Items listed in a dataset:
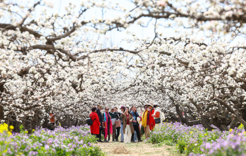 2025年4月5日,游客在河北省晉州市周家莊鄉第九生產隊梨園內踏青賞花。新華社發(梁子棟 攝)
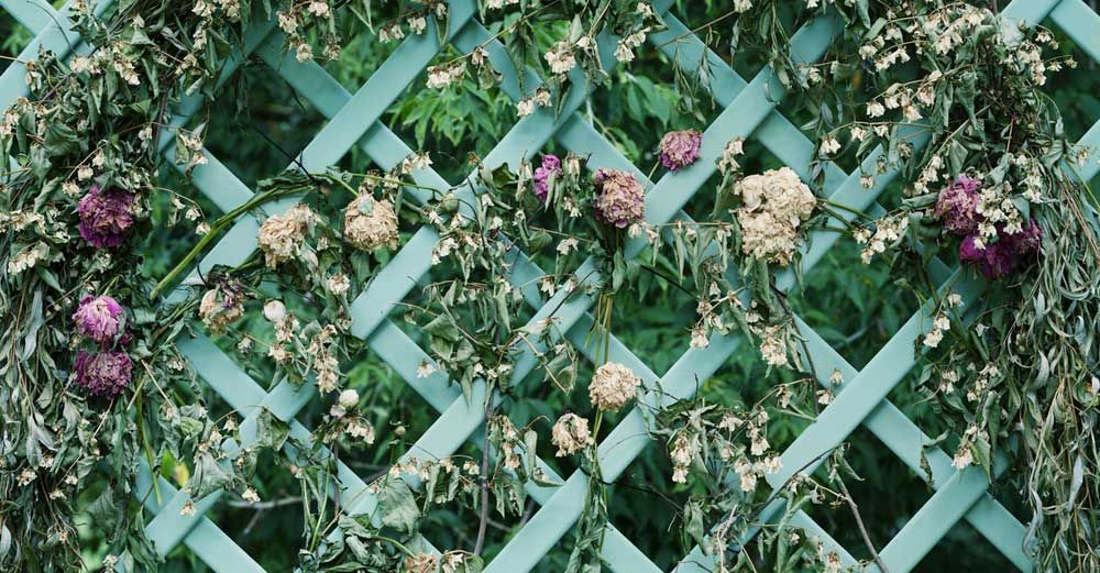 Måla spaljén i en färg som du verkligen tycker om, på så sätt blir hela trädgården mer färgglad. Torkade blommor blir dessutom extra fina mot en vacker bakgrund.
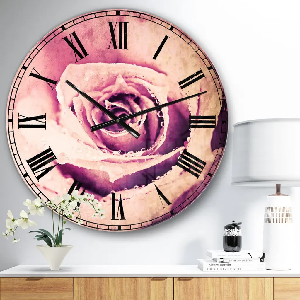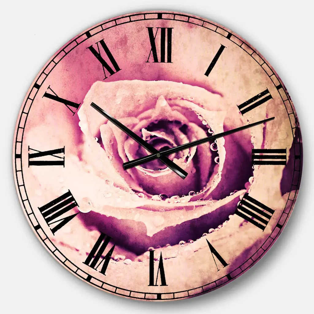 Purple Wet Rose Background Flowers Round Metal Wall Clock, 23x23
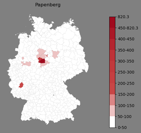 Relative Verteilung des Namens Papenberg (1996)Direkt zur Karte Die Farbskala zeigt die Anzahl von "Papenberg" bezogen auf je 1 Million Einträge. |
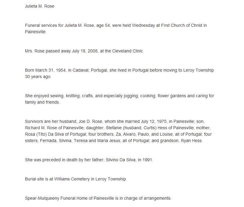 Rose, Julieta Obituary, Rose, Julieta Obituary (News-Herald 07/24/2008)
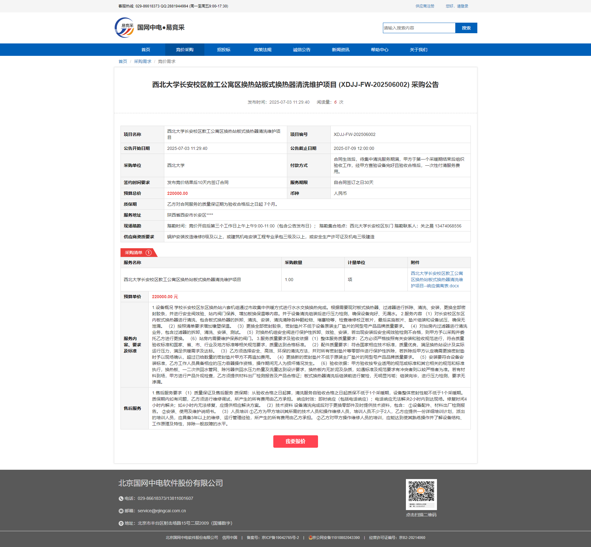 广发体育长安校区教工公寓区换热站板式换热器清洗维护项目 (XDJJ-FW-202506002) 采购公告
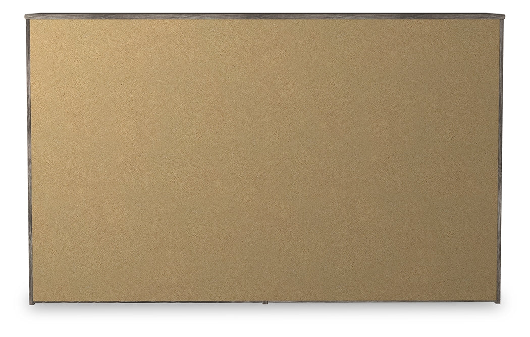 With its clean-lined look and modern attitude, the Ralinski bedroom package is a fresh style awakening. Its simple, unadorned profile and warm gray hue over replicated oak grain easily complement other furniture finishes.
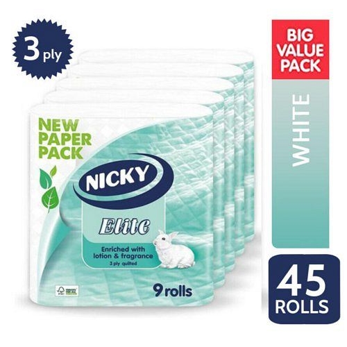 Nicky Elite White Toilet Rolls 9 Pack - PACK (5)
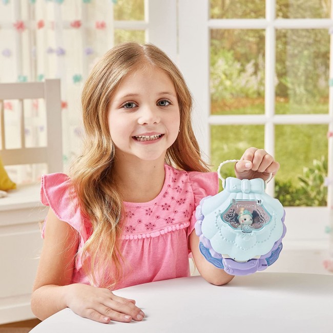 The set includes a shell-shaped store, sea-themed accessory accessories and a baby silk cat. The accessories can be displayed in the store or worn by the baby. When the store is closed, it becomes a shell bag. The bag can be adorned with a cute baby and carried around. Silk cat baby, tiara, walking stick, pochette Body (lid), body (base), signboard Brush, compact, stuffed animal Cash register, sofa, cash register stand, Dream No., bag (crab) bag (shellfish), catsuit, balloon (octopus), balloon (blowfish) (C) EPOCH
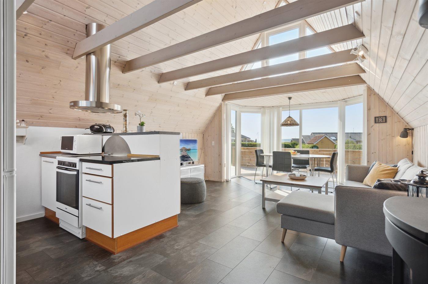 Køkkenet er udstyret med 1 køleskab. Der er 4 induktionskogeplader, bageovn, mikrobølgeovn samt opvaskemaskine.
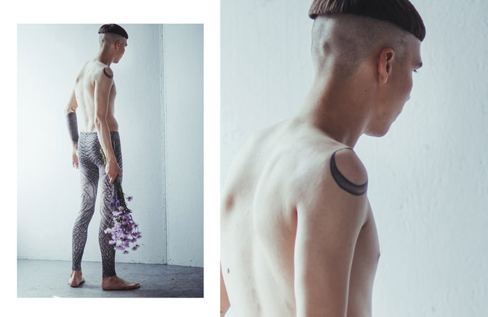 A KALTBLUT exclusive menswear editorial. Photographer Artiom Ponkratenko captured Antanas Luciunas for “Androgynous”. Styling by Indre Lukosiunaite. Make up by Lilija Ustin. Hair by Spaghetti Bolognese. Leggings by DUE Fashion.

_What is needed_
Set down again, exactly, every line above from the one with "Måla spaljén i" down to the one with "Purple Wet Rose", both ends included. No pictures, and nothing else.

_Your solution_
 Måla spaljén i en färg som du verkligen tycker om, på så sätt blir hela trädgården mer färgglad. Torkade blommor blir dessutom extra fina mot en vacker bakgrund.
 Purple Wet Rose Background Flowers Round Metal Wall Clock, 23x23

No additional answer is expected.